Redma mengatakan 900 juta piece pakaian impor tersebut setara dengan 180 juta ton. Jika yang laku terjual hanya 10 persen saja, berarti setara 18 juta ton. Sedangkan kapasitas produksi garmen dalam negeri hanya 2,7 juta ton dengan produksi sekitar 2 juta ton.

Artinya ada penurunan (gap) sekitar 700 ribu ton yang tidak terpakai, karena pasar dalam negeri terserap oleh pakaian impor bekas.

"Maka industri kita produksinya turun 700 ribu ton karena terganggu dari penjualan pakaian bekas impor yang sebesar 18 juta ton," katanya.

Lantas, apa yang membuat pemerintah sulit memberantas pakaian impor bekas? Apa pula yang harus dilakukan Purbaya agar tidak gagal memberantas impor seperti sebelum-sebelumnya?

Ekonom Center of Economic and Law Studies (CELIOS) Nailul Huda mengatakan praktik impor pakaian bekas sudah dilarang dalam Permendag Nomor 40 Tahun 2022. Usai beleid itu disahkan, impor pakaian bekas langsung anjlok pada 2023.

Namun pada 2024, berdasarkan data yang dimiliki Nailul, impor pakaian bekas justru kembali meningkat hingga US$1,5 juta dan sudah lebih dari US$1,5 juta pada periode Januari - Agustus 2025.

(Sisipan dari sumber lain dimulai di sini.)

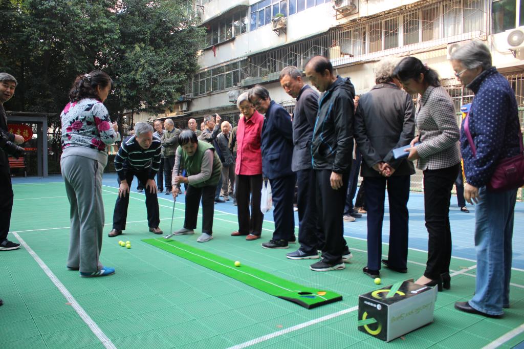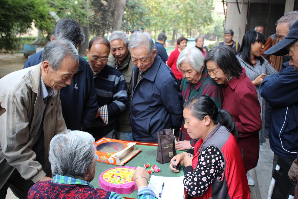今年的游艺项目包括扔沙包、小小高尔夫、钓鱼比赛、运送兵乓球、保龄球等传统项目,并增添了原地投篮、扔飞镖两个新项目。老同志们积极参与游艺活动,现场气氛热烈,各个项目场地都排起了长龙。部分行动不方便的老同志在家人的陪伴下也来到现场感受这浓浓的节日氛围。

"Artinya ketika dilarang, lantas masih tercatat, berarti ada pelanggaran yang terjadi di pelabuhan tempat serah terima barang. Pengaturan impor Bea Cukai masih memperbolehkan dan tercatat. Jadi ini sudah masuk dalam ranah kriminal karena melakukan pembiaran barang yang dilarang masuk," kata Nailul pada CNNIndonesia.com, Senin (3/11).

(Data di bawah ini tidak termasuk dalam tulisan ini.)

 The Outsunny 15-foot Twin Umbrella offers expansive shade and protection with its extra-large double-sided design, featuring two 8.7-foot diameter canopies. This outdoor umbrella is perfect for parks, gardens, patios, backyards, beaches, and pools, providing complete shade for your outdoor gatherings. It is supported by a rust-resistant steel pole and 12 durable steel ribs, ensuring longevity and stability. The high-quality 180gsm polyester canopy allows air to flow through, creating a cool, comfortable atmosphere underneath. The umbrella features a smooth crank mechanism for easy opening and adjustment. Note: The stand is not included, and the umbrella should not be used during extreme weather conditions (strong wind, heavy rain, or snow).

Nailul mengatakan maraknya pakaian bekas impor membuat industri lokal merana. Harga per satuan pakaian bekas impor dari Taiwan misalkan, hanya Rp1.700-2.000 per potong. Dengan memperhitungkan biaya lain-lain sebesar Rp2.000, maka harga pokok penjualan (HPP)-nya maksimal Rp4.000 per potong.

Jika dijual dengan harga Rp15 ribu saja, maka sudah untung besar. Sedangkan produksi baju di Indonesia sudah Rp90 ribu hingga Rp98 ribu per potong.

"Ya tidak bisa bersaing, industri kita semakin turun. Bagi saya, lebih baik menyelamatkan industri dalam negeri, dibandingkan pedagang pakaian bekas di Pasar Senen," katanya.